• About this exercise:
First find the line with "5 pesetas 1871 1877 1888 monedas de plata" in the entries below, then set down exactly every line through the line with "Petite teen with", that line included.

• Supplied records:
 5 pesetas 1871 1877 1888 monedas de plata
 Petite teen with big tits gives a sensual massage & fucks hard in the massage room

---

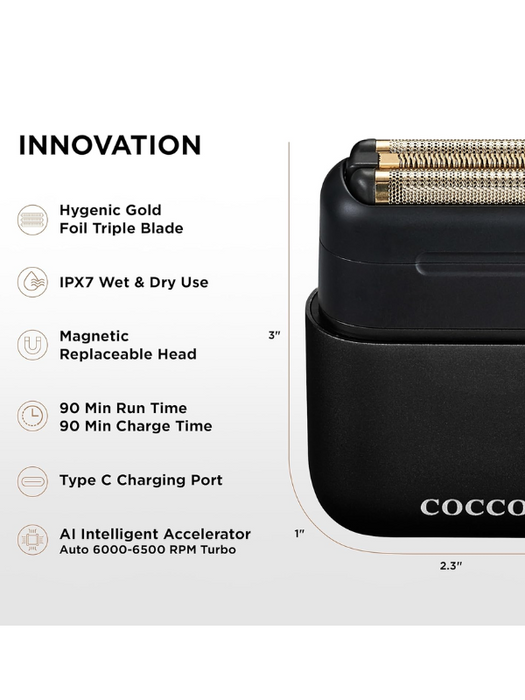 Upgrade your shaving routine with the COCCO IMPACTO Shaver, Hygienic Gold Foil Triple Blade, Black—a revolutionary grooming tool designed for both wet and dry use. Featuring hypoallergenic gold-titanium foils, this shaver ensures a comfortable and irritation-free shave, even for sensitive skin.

• Task result:
 5 pesetas 1871 1877 1888 monedas de plata
 Petite teen with big tits gives a sensual massage & fucks hard in the massage room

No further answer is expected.